-------- Recorded information --------
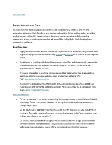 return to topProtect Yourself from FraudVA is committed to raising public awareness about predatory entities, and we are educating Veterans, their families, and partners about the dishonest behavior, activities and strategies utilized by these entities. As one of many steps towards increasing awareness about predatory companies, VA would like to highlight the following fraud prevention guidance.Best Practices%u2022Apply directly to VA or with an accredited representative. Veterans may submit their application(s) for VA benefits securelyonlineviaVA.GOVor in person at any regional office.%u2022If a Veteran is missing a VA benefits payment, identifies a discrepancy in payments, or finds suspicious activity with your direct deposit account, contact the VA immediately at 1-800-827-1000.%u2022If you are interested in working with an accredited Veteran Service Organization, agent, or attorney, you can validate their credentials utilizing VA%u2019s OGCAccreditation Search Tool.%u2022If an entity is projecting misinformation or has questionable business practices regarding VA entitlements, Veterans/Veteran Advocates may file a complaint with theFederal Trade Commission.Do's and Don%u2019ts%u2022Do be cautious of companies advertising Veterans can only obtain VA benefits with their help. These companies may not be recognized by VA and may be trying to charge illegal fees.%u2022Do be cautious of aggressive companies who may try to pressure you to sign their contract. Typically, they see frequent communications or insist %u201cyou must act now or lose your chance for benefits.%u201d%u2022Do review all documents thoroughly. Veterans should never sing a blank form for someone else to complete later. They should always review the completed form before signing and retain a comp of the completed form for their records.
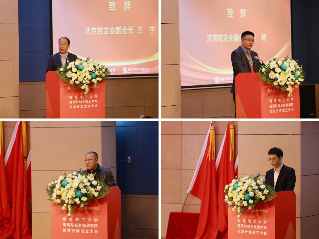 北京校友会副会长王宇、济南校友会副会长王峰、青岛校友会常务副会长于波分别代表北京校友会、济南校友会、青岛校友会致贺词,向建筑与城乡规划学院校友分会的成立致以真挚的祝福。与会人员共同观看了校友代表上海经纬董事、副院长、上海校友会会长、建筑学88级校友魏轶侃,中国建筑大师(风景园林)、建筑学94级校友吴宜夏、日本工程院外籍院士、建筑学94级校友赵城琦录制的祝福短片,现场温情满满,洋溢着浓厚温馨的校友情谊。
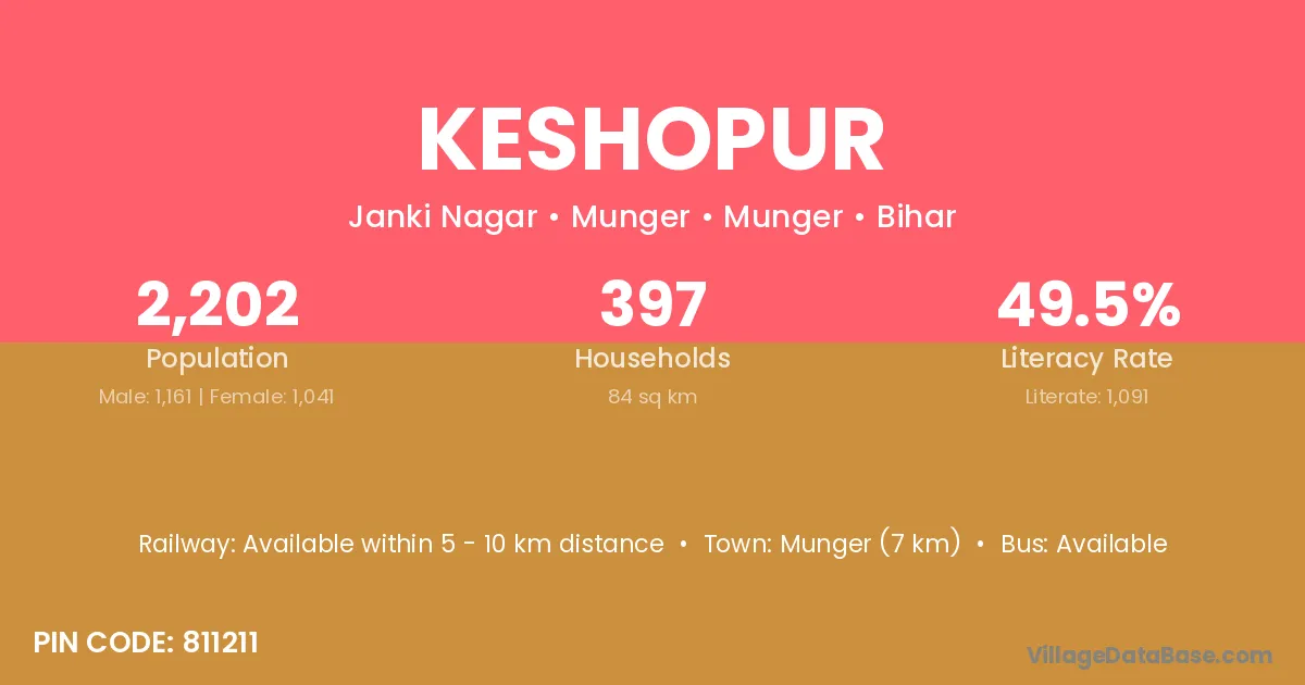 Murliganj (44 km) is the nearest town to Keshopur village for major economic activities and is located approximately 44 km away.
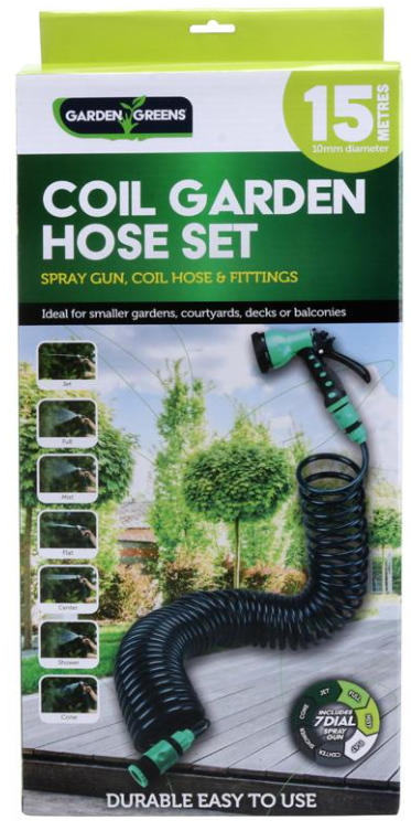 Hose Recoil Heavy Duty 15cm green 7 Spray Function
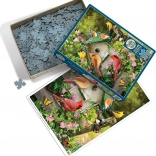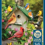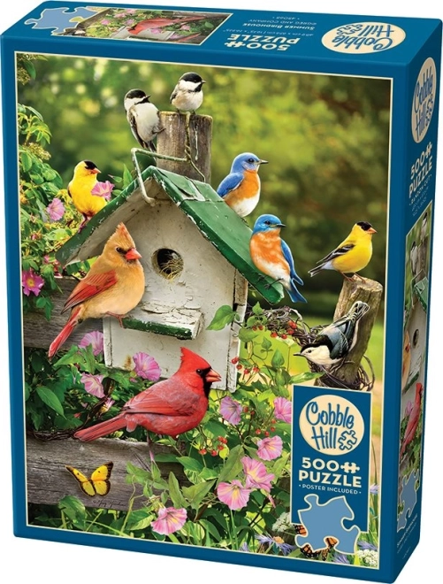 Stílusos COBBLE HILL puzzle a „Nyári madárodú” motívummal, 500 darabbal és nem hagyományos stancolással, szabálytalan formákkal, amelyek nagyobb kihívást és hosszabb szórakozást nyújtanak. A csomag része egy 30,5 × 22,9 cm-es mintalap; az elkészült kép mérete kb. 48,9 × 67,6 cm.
--------
What needs to be done
Exactly as given, transcribe every line of the data, but not its images.

Solution to this task
 return to topProtect Yourself from FraudVA is committed to raising public awareness about predatory entities, and we are educating Veterans, their families, and partners about the dishonest behavior, activities and strategies utilized by these entities. As one of many steps towards increasing awareness about predatory companies, VA would like to highlight the following fraud prevention guidance.Best Practices%u2022Apply directly to VA or with an accredited representative. Veterans may submit their application(s) for VA benefits securelyonlineviaVA.GOVor in person at any regional office.%u2022If a Veteran is missing a VA benefits payment, identifies a discrepancy in payments, or finds suspicious activity with your direct deposit account, contact the VA immediately at 1-800-827-1000.%u2022If you are interested in working with an accredited Veteran Service Organization, agent, or attorney, you can validate their credentials utilizing VA%u2019s OGCAccreditation Search Tool.%u2022If an entity is projecting misinformation or has questionable business practices regarding VA entitlements, Veterans/Veteran Advocates may file a complaint with theFederal Trade Commission.Do's and Don%u2019ts%u2022Do be cautious of companies advertising Veterans can only obtain VA benefits with their help. These companies may not be recognized by VA and may be trying to charge illegal fees.%u2022Do be cautious of aggressive companies who may try to pressure you to sign their contract. Typically, they see frequent communications or insist %u201cyou must act now or lose your chance for benefits.%u201d%u2022Do review all documents thoroughly. Veterans should never sing a blank form for someone else to complete later. They should always review the completed form before signing and retain a comp of the completed form for their records.
 北京校友会副会长王宇、济南校友会副会长王峰、青岛校友会常务副会长于波分别代表北京校友会、济南校友会、青岛校友会致贺词,向建筑与城乡规划学院校友分会的成立致以真挚的祝福。与会人员共同观看了校友代表上海经纬董事、副院长、上海校友会会长、建筑学88级校友魏轶侃,中国建筑大师(风景园林)、建筑学94级校友吴宜夏、日本工程院外籍院士、建筑学94级校友赵城琦录制的祝福短片,现场温情满满,洋溢着浓厚温馨的校友情谊。
 Murliganj (44 km) is the nearest town to Keshopur village for major economic activities and is located approximately 44 km away.
 Hose Recoil Heavy Duty 15cm green 7 Spray Function
 Stílusos COBBLE HILL puzzle a „Nyári madárodú” motívummal, 500 darabbal és nem hagyományos stancolással, szabálytalan formákkal, amelyek nagyobb kihívást és hosszabb szórakozást nyújtanak. A csomag része egy 30,5 × 22,9 cm-es mintalap; az elkészült kép mérete kb. 48,9 × 67,6 cm.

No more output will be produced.